An extension of our body and/or of our senses occurs when we extend the reach of our
embodied mind beyond our natural limited means.
Technological Determinism
Technological determinism is a reductionist theory that presumes that a society's
technology drives the development of its social structure and cultural values.
Most interpretations of technological determinism share two general ideas:
• the development of technology itself follows a predictable, traceable path largely
beyond cultural or political influence, and
• technology in turn has "effects" on societies that are inherent, rather than socially
conditioned or produced because that society organizes itself to support and further
develop a technology once it has been introduced.
Inception
3. Our dreams are an extension of our subconscious mind. The movie Inception takes
this concept to further level by showing deeper levels of dreams, like, a dream within a
dream and so on. The movie is about pushing a dream within a dream, and each time it
is a different person’s dream.
The machine is the technology that is used to achieve this concept of shared dreaming
and going to different levels of dreaming. It is a facilitator; an intermediary between the
reality and the dreams to ensure the technological determinism.
To come back to the real world, a kick is used. By upsetting the equilibrium of a
dreamer, you can wake them from a dream and return them to reality. If you’re
dreaming a dream within a dream, each level of the dream has to have its own kick in
order for the one on the higher level to work. Like in the movie, Arthur blew up the
elevator to wake them up from the snow fortress dream so that the car hitting the water
could then wake them up. The music was also used as the kick which was an extension
for the ears.
People in their dreams are blinded by such technology and begin to lose a sense of the
real world. To differentiate dreams from reality, the totem comes into play. It is an
object constructed by someone who plans to invade a dream, whose exact weight and
composition only they know. This totem can be used to help verify whether you’re in
the real world, or the dream world. Cobb uses a top which, when spun inside a dream
never stops spinning. Ariadne constructs a chess piece, which she plans to use as her
totem.
Then comes the concept of inception, the art of entering dreams and planting an idea in
someone’s head. Like, Cobb planted an idea in Mal’s head that their world is not real,
which eventually led to her suicide.
4. This can happen at very deep level of dreaming. When they went deeper, they used the
machine, music, kick and the totem repeatedly. These can be seen as further extensions
of humans.
Through the power of technology, people could build up their own world in their
dreams as if they were God. For instance, Cobb and Mal build up their own dream
world and lived there for 50 years. And the architect, Ariadne constructs all the dreams
later in the movie.
Also, through this power, Cobb could be with his dead wife Mal, in his dreams as she
was a projection of his subconscious. A projection is a person created by the
subconscious mind of the subject. Projections are not real. They function like white
blood cells and should the subject begin to realize that the dream he's in, isn't his.

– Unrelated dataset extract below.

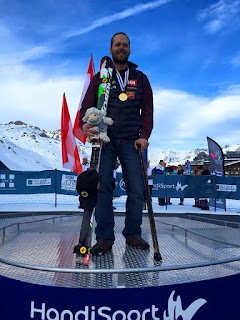So I guess I should start with the 2014-15 season and simply sum it up by saying it was a complete and total bust. There were about one or two decent results in downhill but overall it was a disaster and we can more or less chalk it up to getting used to a new sit ski and being suck in the rut of old bad habits of skiing like crap. But the 2015-16 season was the complete opposite. The season started a bit bumpy with the opening IOC races which saw me get disqualified in a super combi race and missing out on a 3rd place finish because I skied around the wrong side of the last gate. But after that and with the start of the World Cup season things drastically changed. I won the opening world cup GS in Kranjska Gora Slovenia by a respectable margin and went on to place in the top 8 of all other WC technical races that I finished for the rest of the season. But where I really excelled was in Downhill in which I won 3 out of the 4 Downhills and finished 2nd in the only one i didn't win which was enough to garner me the Overall Downhill IPC World Cup crystal globe. I also went on to win second overall in GS for the season as well as place 3rd overall across all events. Bringing my overall IPC World Cup medal tally to 8 for the season.

Projections respond violently and attempt to seek out the dreamer and destroy him. A
projection can be seen as an extension of the subconscious mind again.
Also, technology can serve as a means of overcoming death. In the movie, dying in a
dream was just waking up from a dream and not actually dying. Technology allowed
them to overcome death.
Dreamers could stay longer in a dream and go deeper by the use of sedatives. But when
they go deeper through sedatives; they may end up in a limbo. It’s a place where time
runs quickly and people seem to forget reality. In the starting scene of the movie, Satio
and Cobb are in the limbo.
Conclusion
This film has used the concept/ idea that there is a special kind of relationship between
humans and technology, that goes far beyond that of simply “a person” who uses “a
thing” for his/ her own purposes and desires. Inception, exemplified such a concept by
depicting dreams as an extension of our subconscious mind.
A human utilizing a technology for his/her own purposes and desires is only but the
beginning of it all. A time comes when the technology overpowers the man.